I was using passive at the time. My humidor's were in the upper level of the house, the brown out lasted long enough to kill the AC and temps in the house shot up like a rocket, one of the hottest days in Cinci in a long time. Power kept browning then dying over and over.
Thought nothing of it, but when I was going for some CCs later I saw a beetle actually flying inside the humi. Seeing stick after stick with holes in them I took every stick out of the boxes and inspected them, removed the crawling bassard a I found then researched how to kill them and save my stock.
CCs are cultivated without the benefit of most pest control, too expensive in a poor country, so larvae on the leaf happens. Give enough sustained heat and runaway humidity and those little bassard come to life. For this very reason I keep them in their own separate humi from the rest of my collection.

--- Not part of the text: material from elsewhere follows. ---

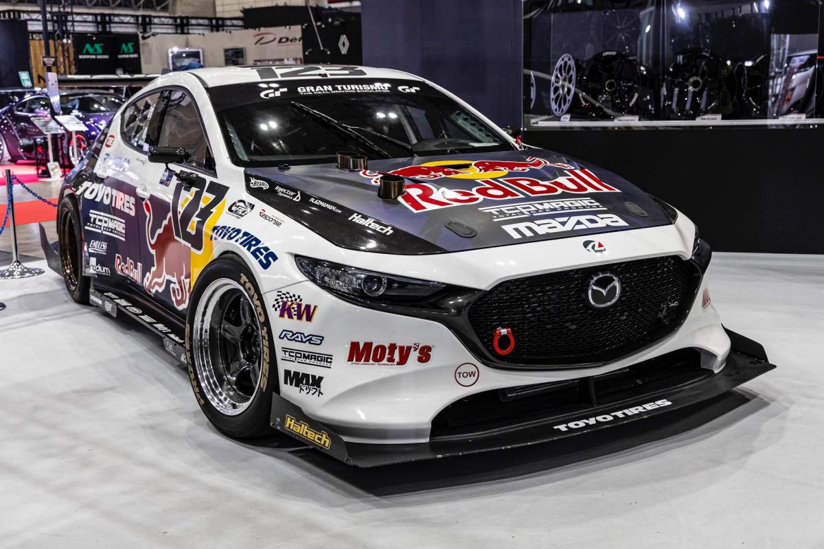 フォーミュラドリフトジャパンを始め、世界中のドリフト競技に参戦するマッドマイク選手が2023年パイクスピークインターナショナルヒルクライムに挑戦したTCP MAGIC MAZDA 3を展示。VOLKRACING VR21Cを装着し、パイクスピークを駆け上った車両が凱旋帰国。

Pitched the damaged sticks and opted for the deep freeze method to kill off any others from hatching. Wrapped the entire box in paper towels, then plastic and froze the boxes four days, then to the fridge and slowly let them come to room temp while still wrapped and insulated. No more beetle issues after that.
I went to active humidification then moved all of my collection to the basement to keep them cool in the event of a repeat where all my sticks have gone ever since.
Perfect conditions in that part of the world, 70 deg and 70%, there you can literally leave cigars stored in the open air. Humidor's are for the rest of us poor SOBs in the rest of the world.